Une ouverture à laquelle souscrit Marielle Schmitt, directrice départementale adjointe du Rhône de l’Agence Régionale de Santé Auvergne-Rhône-Alpes. “L’isolement social est un déterminant essentiel de la santé, et notamment de la santé mentale. Nos systèmes de santé doivent savoir évoluer pour permettre la prise en charge de toutes et tous”.
Une ambition clairement concrétisée par “l’Espace”, officiellement inauguré le 13 septembre 2024 en présence des acteurs sanitaires et politiques qui soutiennent le projet (voir À SAVOIR).
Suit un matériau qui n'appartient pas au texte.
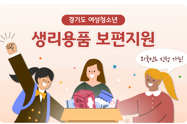 경기도에서 여성청소년들 (11세 ~ 18세) 에게 생리용품 (생리대)을 지원하는 사업이 곧 시작됩니다.

Le maire de Lyon, Grégory Doucet, a profité de l’événement pour saluer la pertinence “d’un lieu d’histoires, racontées ou non, chaotiques pour beaucoup, mais qui sont prises comme elles sont, sans jugement ni préjugés”.
À SAVOIR
L’Espace est accessible librement et sans rendez-vous du lundi au vendredi de 14h à 17h15, au 275 rue André Philip, dans le 3eme arrondissement de Lyon (contact : 07 61 07 89 12). L’équipe est qualifiée pour assurer des échanges dans une dizaine de langues (italien, farsi, arabe, anglais, amharique…)
Géré par l’Observatoire Orspere-Samdarra (Orspere = Observatoire régional de la souffrance psychique en rapport avec l’exclusion; Samdarra = Santé mentale, précarité, demandeurs d’asile et réfugiés en Rhône-Alpes, fusionnés en 2013), l’Espace bénéficie du soutien de l’ARS Auvergne-Rhône-Alpes, de la Ville de Lyon et de la Métropole de Lyon.